That could happen, said Bob Hamilton, interim dean of the Albany College of Pharmacy and Health Sciences in Colchester, which has 165 students. A graduate of the Water Tower Hill campus did open an independent pharmacy a couple of years ago, Hamilton said. But contrary to the "glut" thesis, nearly everyone enrolled in his college does find work in some facet of the industry, with about three-quarters getting hired by chains, Hamilton added.
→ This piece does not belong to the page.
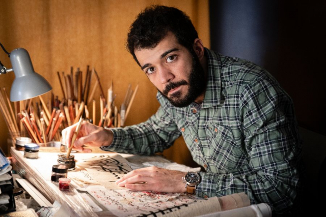 'Kalligrafie zit in mijn genen, in mijn cellen. Er gaat bijna geen dag voorbij dat ik niet aan het schrijven ben. Als mijn handen niet het papier beroeren, dan dansen de letters wel rond in mijn gedachten. Tijdens het kalligraferen ervaar ik een rust die ook na het schrijven nog lang bij me blijft. Het schrijven van vijf of zes woorden duurt dan ook zo’n vijftien dagen, een vers uit de Koran: een maand. Door mijn kunst leerde ik geduldig te zijn, een eigenschap die ik na mijn vlucht uit Syrië hard nodig gehad heb.'

Noelle MacKay, director of Burlington's Community & Economic Development Office, said that Lakeside and other indies might be unrattled by the clanking of the chains because of the strength of the buy-local movement, especially among millennials — and particularly in Burlington.
"People here vote with their dollars," she said. "There's a reason why you see no McDonald's here and why 60 percent of stores [on the Church Street Marketplace] are locally owned."
At the same time, she added, "while politically we believe in small business, customers are looking for the familiar."
With straggly cacti and half-dead plants in its front window, Lakeside has a forlorn look that doesn't exactly beckon passersby. But twentysomething Jess Silverman took a chance and ventured in. She just wanted to get a key copied. Lakeside obliged, but Silverman said she'd probably turn to a brand-name chain for future purchases.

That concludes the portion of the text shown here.